▸ **WHAT YOU ARE ASKED TO DO**:
Set down the first line below and each line after it, ending with the one that holds "Paiute Park is". Pictures do not belong in the copy.

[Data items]
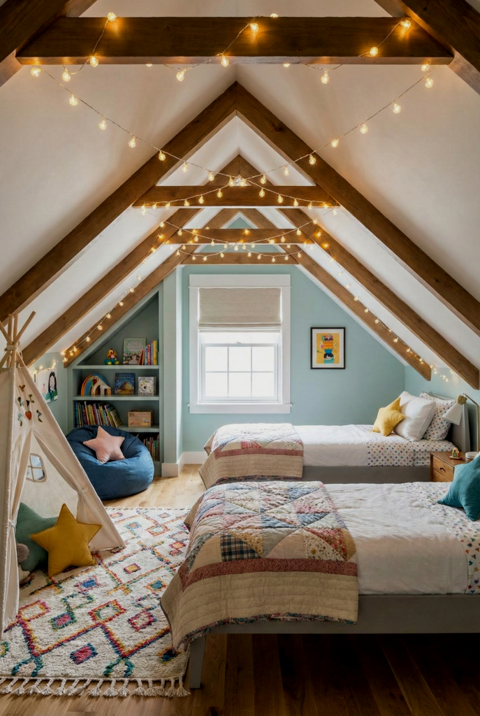 Kids love nooks. An attic with a low ceiling might be uncomfortable for an adult, but it’s magical for a child. Tuck twin beds into the eaves to create a cozy “sleeping pod” feel. Add fairy lights and soft carpet for a dream playroom/bedroom combo.
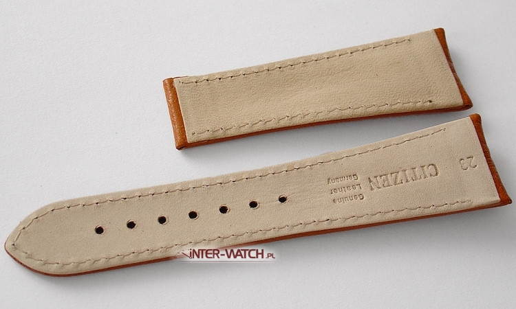 Oryginalny pasek do zegarka Citizen Promaster 23 mm, skórzany pasek do zegarka Citizen 23 mm - jasny brąz, przeszywany białą nicią i lekko pogrubiany na 1/3 długosci, pasek zwężany przy zamku do 18 mm, pasek bez zamka. Polecamy skórzany pasek Citizen Promaster Eco Drive Radiocontrolled o referencji na pokrywie koperty: E670-S035899. Pasek do zegarków Citizen :
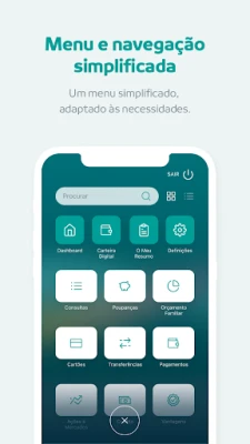 Ecrã inicial com o resumo das principais opções; saldos e movimentos das suas Contas; a sua Posição Integrada; os cartões de crédito associados e acesso rápido à opção de carregamentos para que acompanhe a atividade das suas Contas de forma simplificada.
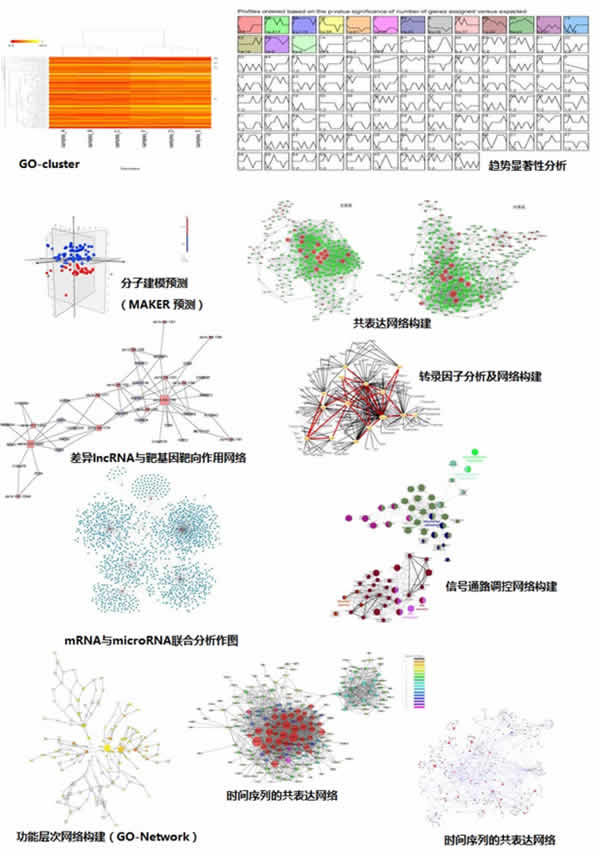 高級分析內(nèi)容:功能層次網(wǎng)絡(luò)構(gòu)建(GO-Network)、GO Cluster、信號通路調(diào)控網(wǎng)絡(luò)構(gòu)建(Pathway-Network)、基因相互作用網(wǎng)絡(luò)圖、轉(zhuǎn)錄因子分析及網(wǎng)絡(luò)構(gòu)建、共表達網(wǎng)絡(luò)構(gòu)建(Coexpression Network)、時間序列的共表達網(wǎng)絡(luò)、分子建模預測(MAKER 預測)、可變剪切分析、mRNA與miRNA聯(lián)合分析、mRNA與lncRNA聯(lián)合分析
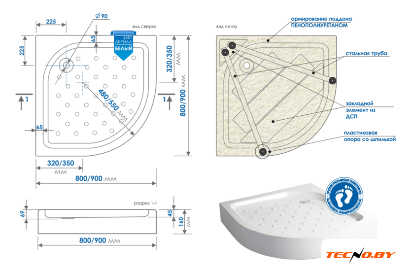 квадратный, 90x90 см, акрил, низкий, 17 см, цвет: белый
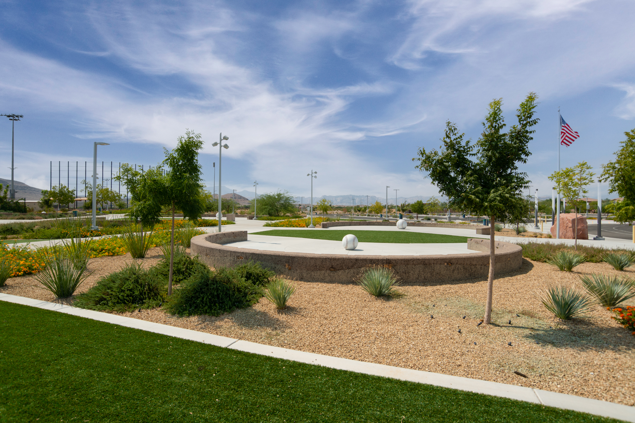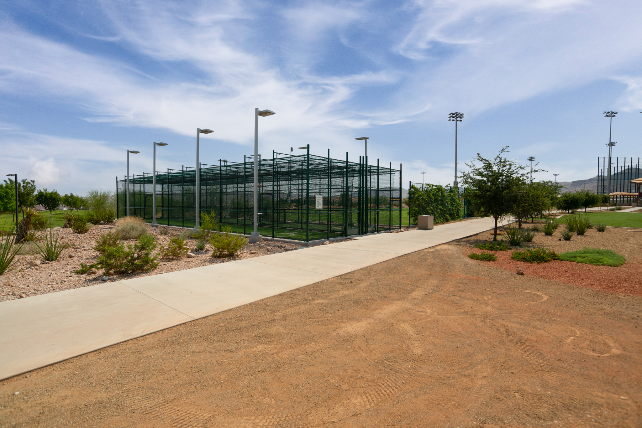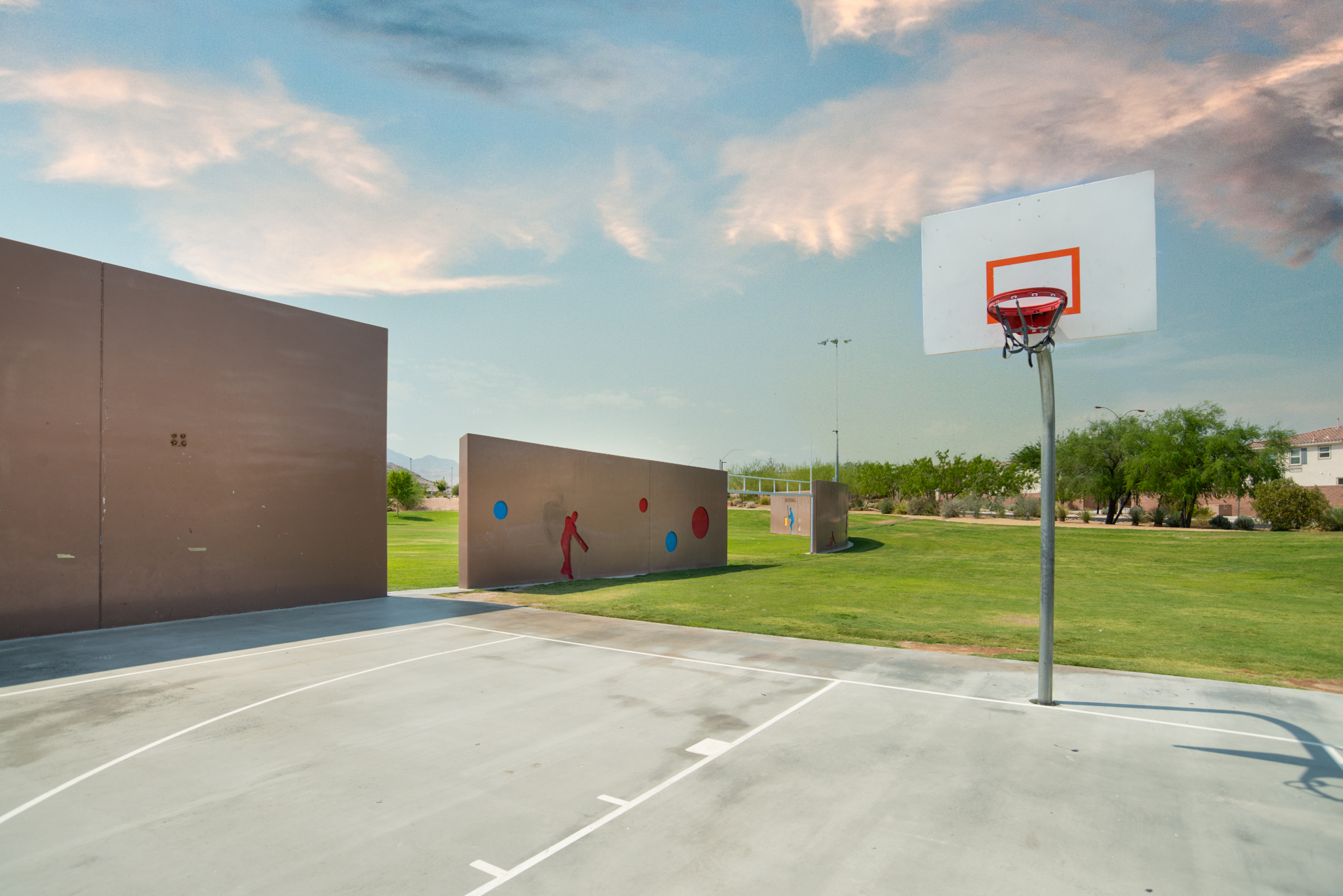 Paiute Park is a newer park in Mountain’s Edge, and it features a multi-use sports field, basketball courts, sand volleyball and tot lot.
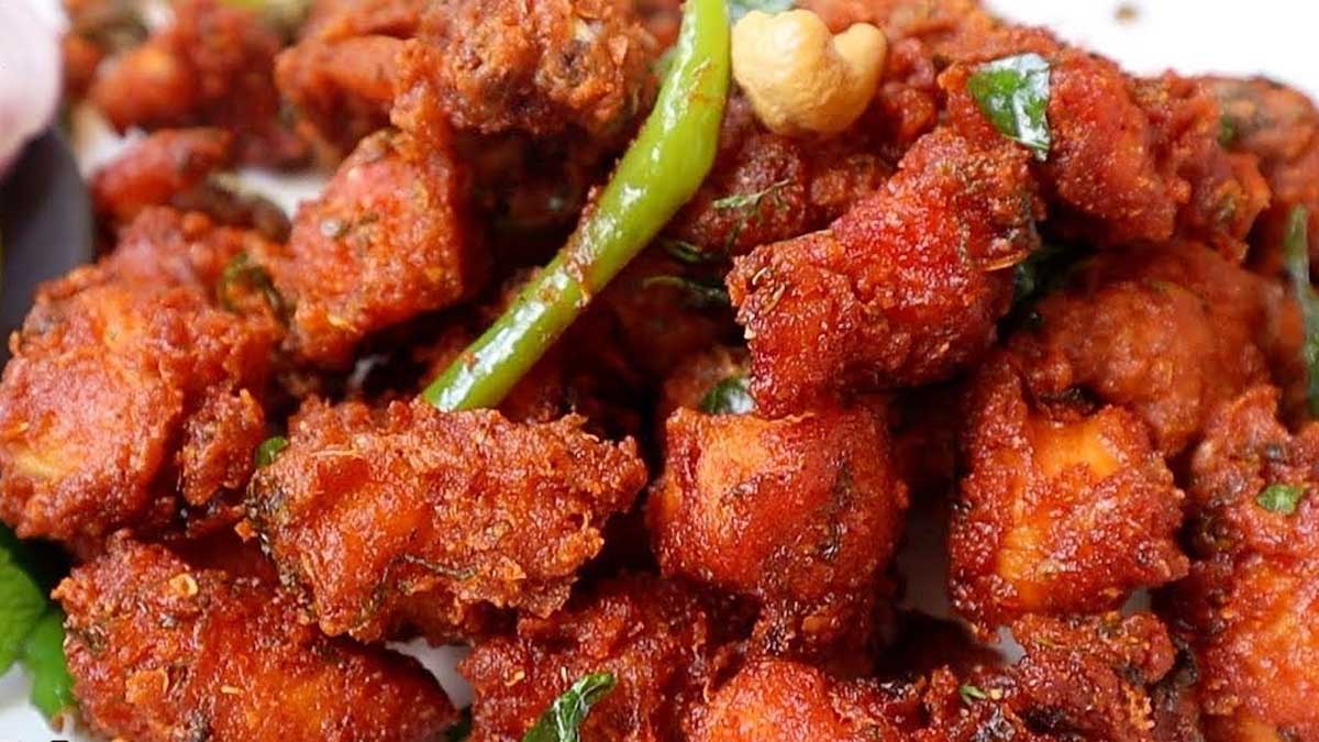 చికెన్ – అరకిలో, అల్లం వెల్లుల్లి పేస్ట్ – ఒక టేబుల్ స్పూన్, కారం – 2 టీ స్పూన్స్, రెడ్ ఫుడ్ కలర్ – చిటికెడు, ఉప్పు – తగినంత, ధనియాల పొడి – అర టీ స్పూన్, పసుపు – పావు టీ స్పూన్, గరం మసాలా – ఒక టీ స్పూన్, జీలకర్ర పొడి -అర టీ స్పూన్, నూనె – డీప్ ఫ్రైకు సరిపడా, నిమ్మరసం – అర చెక్క, తరిగిన పచ్చిమిర్చి – 3, కరివేపాకు – రెండు రెమ్మలు, సన్నగా తరిగిన కొత్తిమీర – కొద్దిగా, కార్న్ ఫ్లోర్ – 2 నుండి 3 టేబుల్ స్పూన్స్, బియ్యం పిండి – 2 టేబుల్ స్పూన్స్.
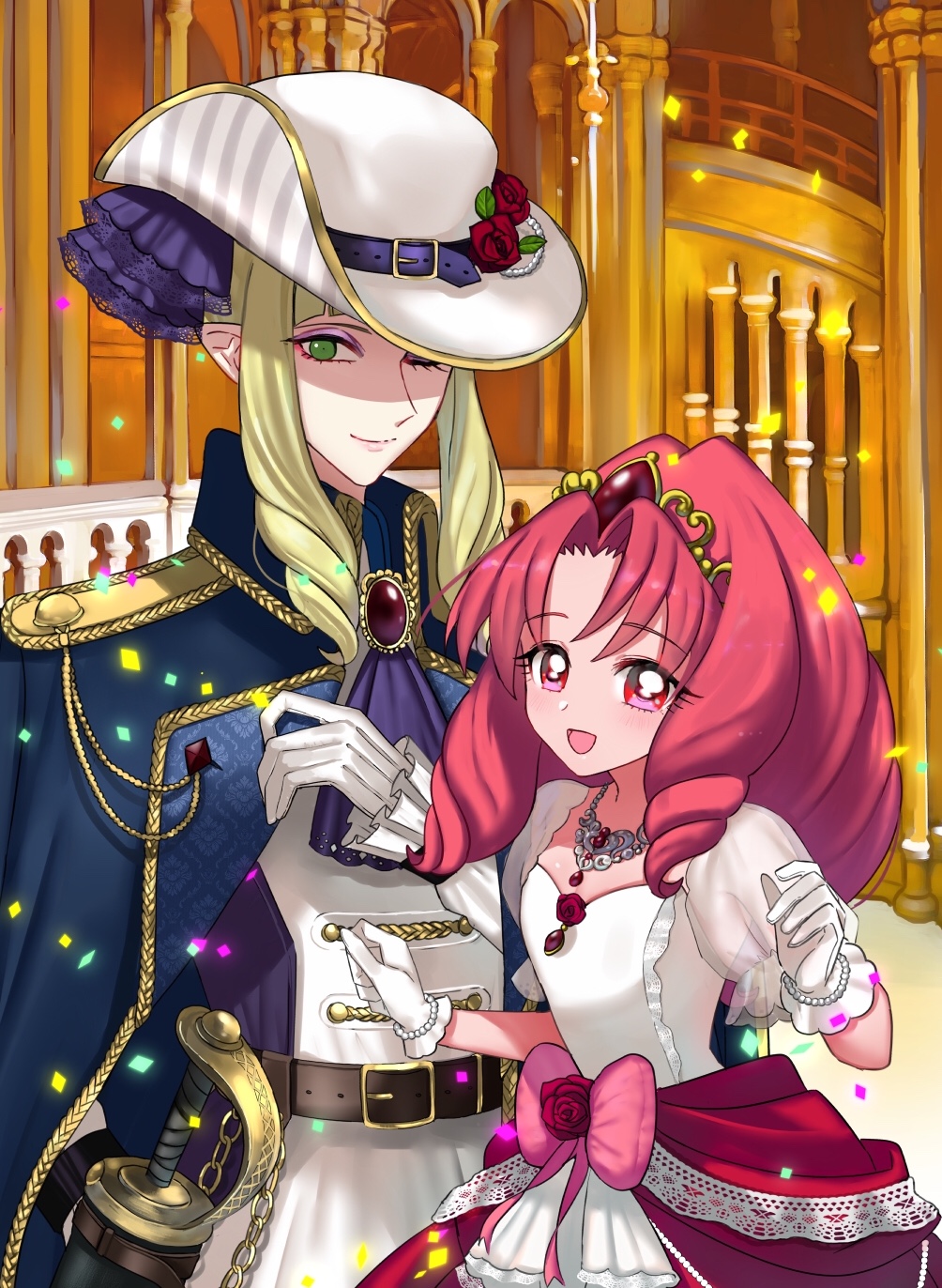 1boy 1girl akagi_towa bad_id belt black_belt blonde_hair blue_jacket blush closed_mouth confetti dress gloves go!_princess_precure green_eyes hat highres jacket jewelry long_hair long_sleeves mohemohemincho necklace open_mouth pointy_ears precure red_eyes red_hair short_hair_with_long_locks shut_(precure) smile sword tiara two-tone_dress weapon white_dress white_gloves white_hat

▸ **EXERCISE RESPONSE**:
 Kids love nooks. An attic with a low ceiling might be uncomfortable for an adult, but it’s magical for a child. Tuck twin beds into the eaves to create a cozy “sleeping pod” feel. Add fairy lights and soft carpet for a dream playroom/bedroom combo.
 Oryginalny pasek do zegarka Citizen Promaster 23 mm, skórzany pasek do zegarka Citizen 23 mm - jasny brąz, przeszywany białą nicią i lekko pogrubiany na 1/3 długosci, pasek zwężany przy zamku do 18 mm, pasek bez zamka. Polecamy skórzany pasek Citizen Promaster Eco Drive Radiocontrolled o referencji na pokrywie koperty: E670-S035899. Pasek do zegarków Citizen :
 Ecrã inicial com o resumo das principais opções; saldos e movimentos das suas Contas; a sua Posição Integrada; os cartões de crédito associados e acesso rápido à opção de carregamentos para que acompanhe a atividade das suas Contas de forma simplificada.
 高級分析內(nèi)容:功能層次網(wǎng)絡(luò)構(gòu)建(GO-Network)、GO Cluster、信號通路調(diào)控網(wǎng)絡(luò)構(gòu)建(Pathway-Network)、基因相互作用網(wǎng)絡(luò)圖、轉(zhuǎn)錄因子分析及網(wǎng)絡(luò)構(gòu)建、共表達網(wǎng)絡(luò)構(gòu)建(Coexpression Network)、時間序列的共表達網(wǎng)絡(luò)、分子建模預測(MAKER 預測)、可變剪切分析、mRNA與miRNA聯(lián)合分析、mRNA與lncRNA聯(lián)合分析
 квадратный, 90x90 см, акрил, низкий, 17 см, цвет: белый
 Paiute Park is a newer park in Mountain’s Edge, and it features a multi-use sports field, basketball courts, sand volleyball and tot lot.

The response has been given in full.